## EXERCISE PROMPT
Write out each line below precisely, passing over the pictures.

## COLLECTED DATA
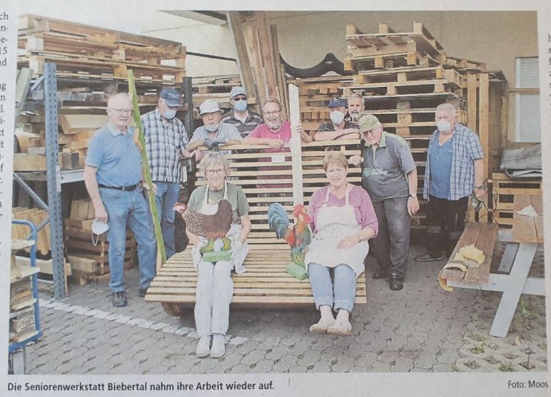 Ziel der Seniorenwerkstatt war und ist es, älteren Menschen die Möglichkeit zur Anwendung ihrer im Berufsalltag wie in der Freizeit erworbenen Fähigkeiten zu geben; sie in praktischen Nutzen für die Mitmenschen umzusetzen. Zudem besteht hier die Chance Kontakte zu knüpfen, gesellig beisammen zu sein und zusammen zu arbeiten, etwas zu schaffen, Kommunikation und Freude miteinander zu haben. Dazu ist die Initiative seit 2015 aktiv. Überwiegend wird mit Holz gearbeitet, 160 Bänke werden gewartet, Schautafeln erstellt, Schwalbenhäuschen wie Märchenfiguren gebaut oder kleinere Reparaturen durchgeführt. Die Seniorenwerkstatt ist grundsätzlich für alle Menschen offen und neue Mitstreiter sind willkommen.
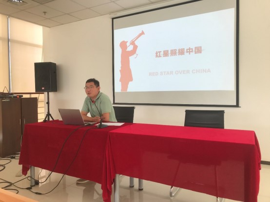 柏祥濤分享了美國作者埃德加·斯諾所著的《紅星照耀中國》一書?;顒赢斕煺敲飨攀?6周年紀念日,今天分享的這本書籍還原原著中的諸多細節(jié),有血有肉地塑造與再現(xiàn)了毛澤東、周恩來、彭德懷等革命領(lǐng)袖的寫實形象,客觀公正地了解這支成功建立共和國的革命隊伍,詩意詮釋“不忘初心”的真諦,給了在場很多同事啟發(fā)。
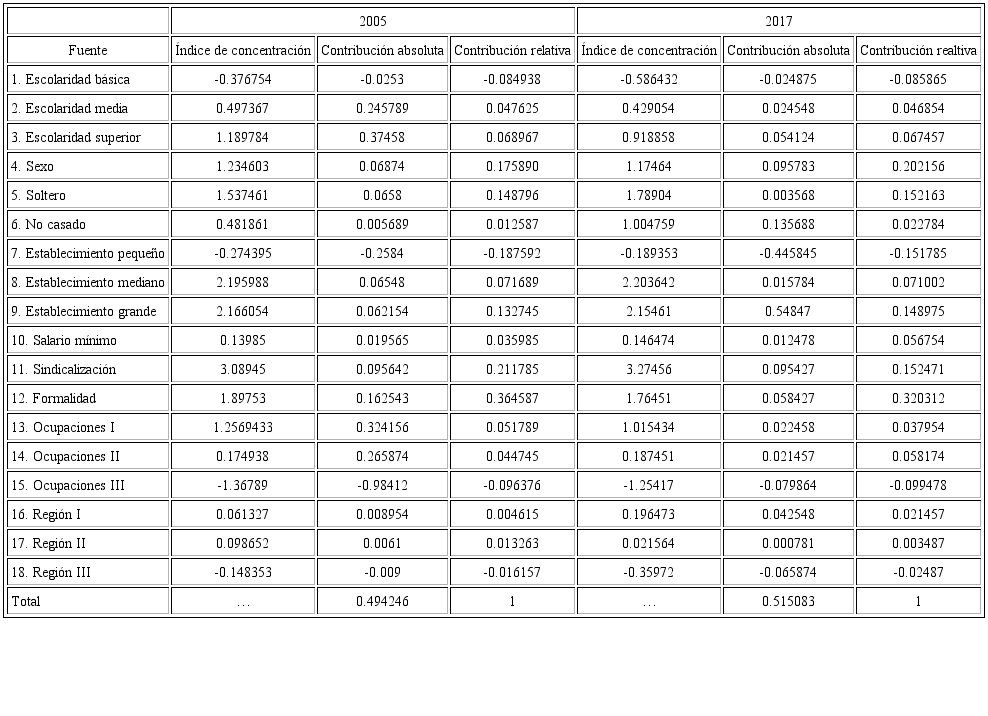 Asimismo, los resultados sugieren que la composición del mercado de trabajo, a saber, su fragmentación entre empleo formal e informal es una de las principales causas del proceso de polarización salarial en México. Del mismo modo, la característica de género ha tenido gran peso a la hora de explicar las fuentes de la polarización del ingreso salarial. Adicionalmente, un efecto semejante ha provocado el empleo en establecimientos más grandes. Esto podría ser una condición, incluso natural, propiciada por la configuración industrial, pero exacerbada por condicionamientos tanto institucionales como tecnológicos que tienen presencia en nuestro país. Del mismo modo, la aglutinación asimétrica en la distribución salarial entre hombres y mujeres que está íntimamente ligada al tipo de ocupación que se realiza, especialmente en el empleo informal, ha contribuido al proceso de polarización en perjuicio de éstas últimas.
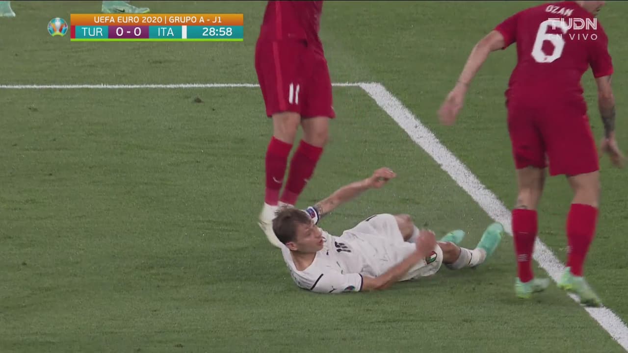 Contacto de Yazıcı sobre el italiano en la frontera del área y dejan seguir, al minuto 29.

## SOLUTION TO THE EXERCISE
 Ziel der Seniorenwerkstatt war und ist es, älteren Menschen die Möglichkeit zur Anwendung ihrer im Berufsalltag wie in der Freizeit erworbenen Fähigkeiten zu geben; sie in praktischen Nutzen für die Mitmenschen umzusetzen. Zudem besteht hier die Chance Kontakte zu knüpfen, gesellig beisammen zu sein und zusammen zu arbeiten, etwas zu schaffen, Kommunikation und Freude miteinander zu haben. Dazu ist die Initiative seit 2015 aktiv. Überwiegend wird mit Holz gearbeitet, 160 Bänke werden gewartet, Schautafeln erstellt, Schwalbenhäuschen wie Märchenfiguren gebaut oder kleinere Reparaturen durchgeführt. Die Seniorenwerkstatt ist grundsätzlich für alle Menschen offen und neue Mitstreiter sind willkommen.
 柏祥濤分享了美國作者埃德加·斯諾所著的《紅星照耀中國》一書?;顒赢斕煺敲飨攀?6周年紀念日,今天分享的這本書籍還原原著中的諸多細節(jié),有血有肉地塑造與再現(xiàn)了毛澤東、周恩來、彭德懷等革命領(lǐng)袖的寫實形象,客觀公正地了解這支成功建立共和國的革命隊伍,詩意詮釋“不忘初心”的真諦,給了在場很多同事啟發(fā)。
 Asimismo, los resultados sugieren que la composición del mercado de trabajo, a saber, su fragmentación entre empleo formal e informal es una de las principales causas del proceso de polarización salarial en México. Del mismo modo, la característica de género ha tenido gran peso a la hora de explicar las fuentes de la polarización del ingreso salarial. Adicionalmente, un efecto semejante ha provocado el empleo en establecimientos más grandes. Esto podría ser una condición, incluso natural, propiciada por la configuración industrial, pero exacerbada por condicionamientos tanto institucionales como tecnológicos que tienen presencia en nuestro país. Del mismo modo, la aglutinación asimétrica en la distribución salarial entre hombres y mujeres que está íntimamente ligada al tipo de ocupación que se realiza, especialmente en el empleo informal, ha contribuido al proceso de polarización en perjuicio de éstas últimas.
 Contacto de Yazıcı sobre el italiano en la frontera del área y dejan seguir, al minuto 29.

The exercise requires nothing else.